Build reaction from reaction equation reaction_str using parser.

Takes a string representation of the reaction and uses the specifications supplied in the optional arguments to infer a set of metabolites, metabolite compartments, and stoichiometries for the reaction. It also infers the refversibility of the reaction from the reaction arrow.

For example:

• 'A + B <=> C' for reversible reactions, A & B are reactants.

• 'A + B --> C' for irreversible reactions, A & B are reactants.

• 'A + B <-- C' for irreversible reactions, A & B are products.

The change is reverted upon exit when using the MassModel as a context.

Notes

Extends build_reaction_from_string() of the cobra.Reaction in order to change how the irreversible backwards arrow is interpreted, affecting the assignment of reactants and products rather than how the bounds are set.

Parameters

• reaction_str (str) – A string containing the reaction formula (equation).

• verbose (bool) – Setting the verbosity of the function. Default is True.

• fwd_arrow (re.compile, None) – For forward irreversible reaction arrows. If None, the arrow is expected to be '-->' or '==>'.

• rev_arrow (re.compile, None) – For backward irreversible reaction arrows. If None, the arrow is expected to be '<--' or '<=='.

• reversible_arrow (re.compile, None) – For reversible reaction arrows. If None, the arrow is expected to be '<=>' or '<->'.

• term_split (str) – Dividing individual metabolite entries.
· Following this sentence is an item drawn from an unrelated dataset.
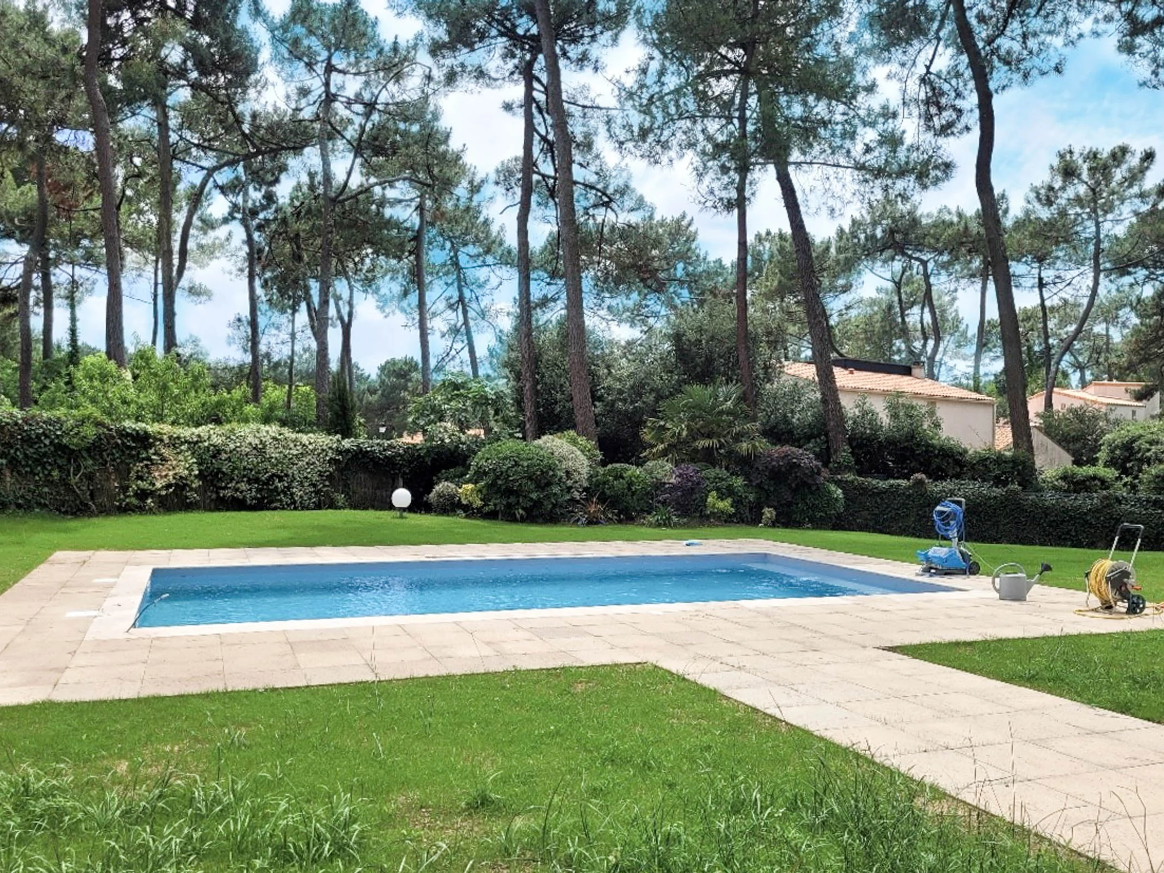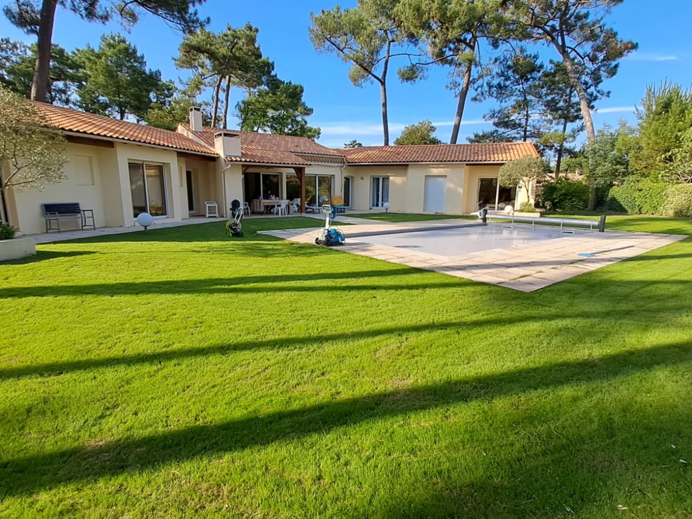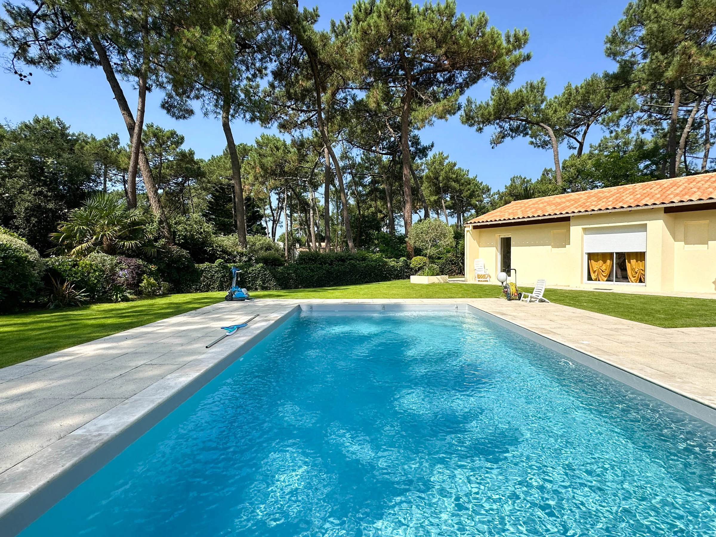 En un parque residencial de 80 Ha con acceso privado al parque y a la playa, tenis (tierra batida). Tranquilidad y tranquilidad garantizadas a un paso del campo de golf de La Palmyre:

Default is "+".

knock_out()

Knockout reaction by setting its bounds to zero.

_cobra_to_mass_repair()

Convert associated cobra.Metabolites to MassMetabolites for self.

Warning

This method is intended for internal use only.

_associate_gene(cobra_gene)

Associates a Gene with the reaction.

Parameters

cobra_gene (Gene) – Gene to be assoicated with the reaction.

Warning

This method is intended for internal use only.

_dissociate_gene(cobra_gene)

Dissociates a Gene with the reaction.

Parameters

cobra_gene (Gene) – Gene to be disassociated with the reaction.

Warning

This method is intended for internal use only.

_make_boundary_metabolites()

Make the boundary metabolite.

Warning

This method is intended for internal use only.

_repr_html_()

HTML representation of the overview for the MassReaction.

Warning

This method is intended for internal use only.

__copy__()

Create a copy of the MassReaction.

Warning

This method is intended for internal use only.

__deepcopy__(memo)

Create a deepcopy of the MassReaction.

Warning

This method is intended for internal use only.

__str__()

Create an id string with the stoichiometry.

Warning

This method is intended for internal use only.

__dir__()

Override default dir() implementation to list only public items.

Warning

This method is intended for internal use only.